Roles & Access Model

Access Principles

  • Multi-tenant isolation. Every request carries an authenticated tenant context; services enforce tenant scoping on all data access.

  • Least privilege. Distinct credential types per surface (dashboard JWT, API key, super-admin token, payment-link auth) with separate middleware chains; API keys can be scoped, deactivated, and revoked with full audit logs.

  • Environment gating. Sandbox access is default; live (production) access is explicitly granted per tenant through the Identity service’s production access gate.

  • Dual control. High-value operations (OTC orders, transfers) require a second authorized approver.

Platform Roles

Role

Responsibilities & access

Tenant owner

Full dashboard access for their business: manages team members, API keys, IP whitelists, webhook configuration, passcodes, and all product features. Can switch between businesses they belong to.

Tenant team member

Dashboard access scoped by assigned role; roles are assigned, updated, and deactivated/reactivated by tenant administrators. Role claims are embedded in session JWTs and enforced per-RPC.

API integration (machine)

Programmatic access via API keys (live/sandbox prefixed). Subject to per-tenant rate limits, idempotency requirements, and optional IP whitelisting.

Approver

A team member authorized to approve or reject pending OTC orders and transfers under the dual-authorization workflow; approval decisions are recorded separately from order creation.

Gravv operations (super admin)

Internal staff access via super-admin tokens (separate live and sandbox tokens) and the admin console: cross-tenant queries, statistics, account/virtual-account administration, payee verification resets, and operational resets. All admin operations flow through dedicated, separately-authenticated RPCs.

End customer

No direct platform access.
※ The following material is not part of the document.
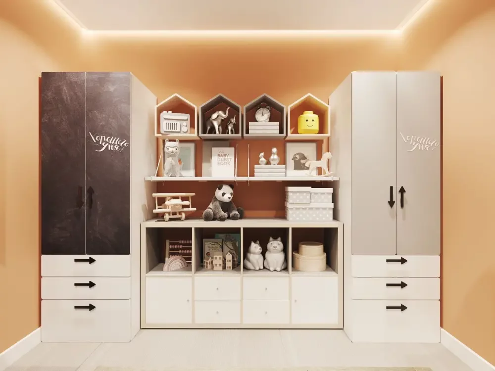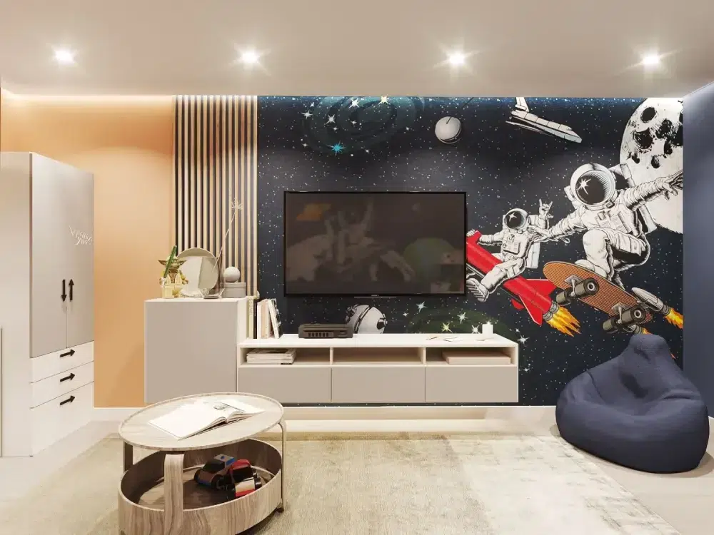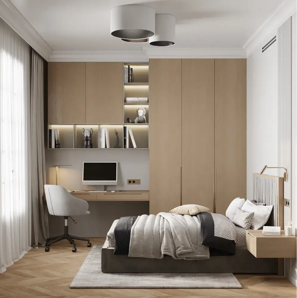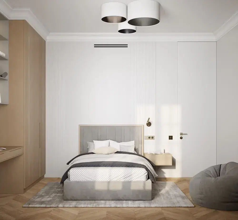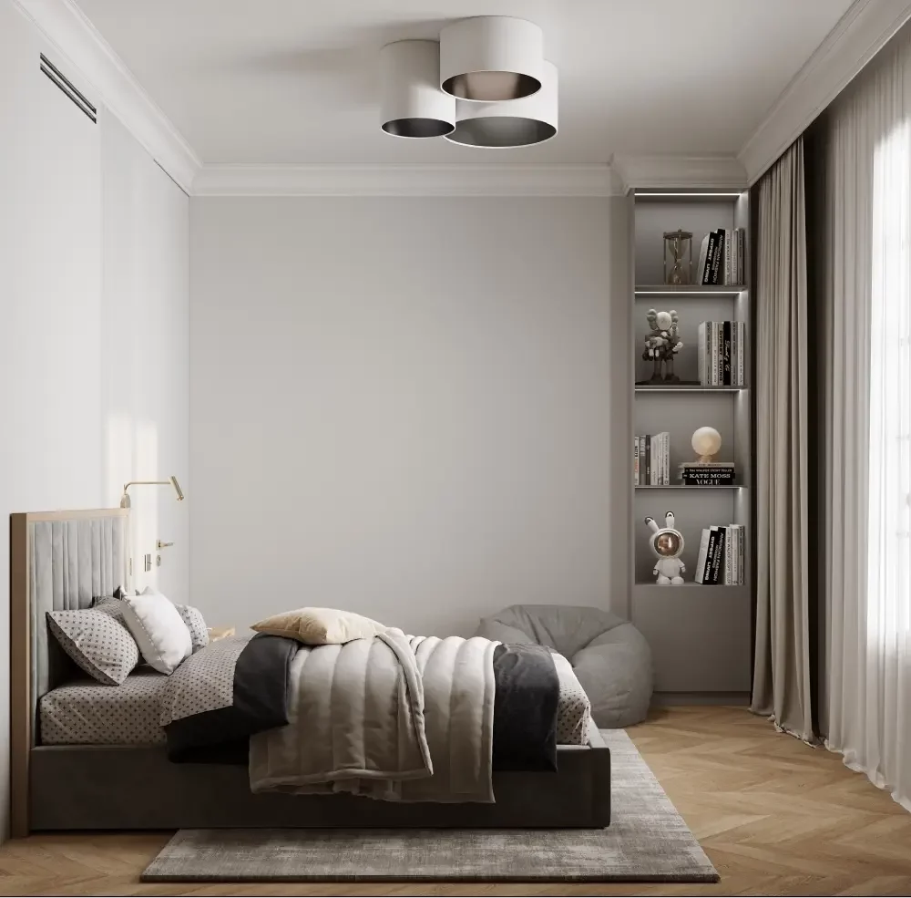 L’aménagement des 5 chambres répond à des besoins spécifiques de croissance. Dans la chambre spatiale, le mobilier sur mesure intègre des zones de couchage, de bureau et de rangement dans un bloc unifié, libérant de la surface au sol pour le jeu. Cette stratégie de « boîte dans la boîte » optimise les 390 m² en évitant l’encombrement par du mobilier mobile.

Customers of tenants interact through tenant channels or public hosted payment pages (payment links), which expose only the minimal public surface with their own rate limiting.

Service identity (machine)

Internal service-to-service calls authenticated via propagated metadata and interceptors; CI deployments authenticate to GCP via OIDC workload identity federation, not stored credentials.

Credential Lifecycle

  • API keys: create, list, activate, deactivate, revoke — with per-key audit logs retrievable by the tenant.

  • Team members: invite, role update, status update, removal, reactivation.

  • Passcodes: add, authenticate, remove, recover (step-up factor).

  • Secrets: rotated centrally in GCP Secret Manager per environment; services load secrets at startup with environment-based namespacing.